Glucose is distributed in the body to be directly used by all cells (muscle, heart ) and especially nerve cells. Glucose is the sole source of energy in the brain (the latter can not utilize fat for this purpose). For this reason, the blood glucose (or glucose) must be maintained above a minimum level.
Glucose can also be converted into glycogen, a polysaccharide similar to starch, which is stored in the liver and muscles and provides an energy reserve immediately available.
The fibers are not treated, they do not provide energy. However they have an important role in the mechanical action of digestion. They increase the volume of stool and stimulate transit.
Sources of Carbohydrates
Carbohydrates are found in many foods. They are found mostly in foods of plant origin. There was very little in foods of animal origin except for milk which is a source of lactose.
Simple carbohydrates
Glucose is rarely encountered in this simple form in nature. Fructose is naturally present in fruits, corn, honey. Sucrose is composed of one molecule of glucose and one fructose molecule. This disaccharide is a carbohydrate reserve of plant species such as sugar beet or cane sugar. It is the white sugar, our table sugar. Lactose is composed of one glucose and one galactose molecule: the milk sugar. The maltose present in the malt combines two molecules of glucose.
Molecule of Vitamin A

In the body, it exists as Retinol from retinal, Retinoic acid and retinyl phosphate. These molecules are altered by oxygen in the air, changes accelerated by light and heat.
Foods of animal origin (meat, dairy products and especially liver) contain retinol and retinyl esters, whereas plants contain predominantly carotenes which are precursors of retinol. One molecule of beta-carotene, by hydrolysis of the 15-15 ‘under the influence of carotenoid monooxygenase (??-carotene 15,15′ monooxygenase), gives two molecules of vitamin A. For cons, the two other Carotenes (alpha and gamma) give birth to only one molecule of vitamin A.
The need for vitamin A are estimated at about 5 000 IU per day. An international unit of vitamin A equals 0.3 mg of retinol. Retinol is considered the basic unit, retinol-equivalent, which compares the vitamin activity of various derivatives of vitamin A. The most useful form of vitamin A is retinol, although it can also be found in the form of retinal or retinoic acid. Retinol is a hydrophobic molecule synthesized from isoprene. Vitamin A is involved in bone growth and synthesis of pigments of the eye. Retinol is sometimes used to treat severe acne.
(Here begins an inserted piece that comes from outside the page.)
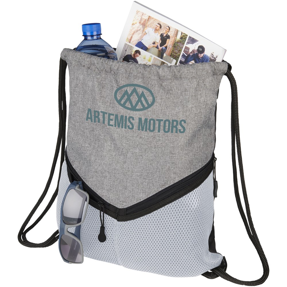 Ein sportlicher Rucksack mit einem Kordelverschluss, einem großem Hauptfach und zwei Netztaschen mit Reißverschluss.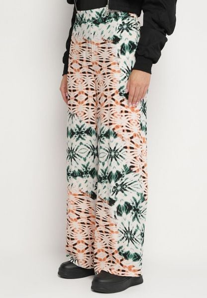 Zielono-Beżowe Spodnie Szerokie w Abstrakcyjny Wzór z Wiskozy Averina

Fats are Non Polar Substances
Fats, also called lipids, together with carbohydrates represent the major source of energy for the body. As in the case of proteins, fats are essential and nonessential. The essentials are those that the body can not synthesize, and are linoleic acid and linolenic acids, but typically are not absent from the body and are contained in meat, cold meats, fish, eggs. Biochemically, fats are non polar substances and are therefore insoluble in water. This is nonpolar because their molecules have many carbon and hydrogen atoms covalently bound to pure and therefore do not form dipoles that interact with water. We conclude that lipids are excellent insulators and separators. Fats consist of fatty acids. Overall call triglyceride oils of vegetable origin, and correspond to derivatives containing predominantly unsaturated fatty acids which are liquid at room temperature. (vegetable oils for cooking, and fish, see table). In the case of fats, these are composed of triglycerides consisting of animal saturated fatty acids, solid at room temperature. (butter, fat, chicken skin, in general: dairy, meat, chocolate, avocado and coconut).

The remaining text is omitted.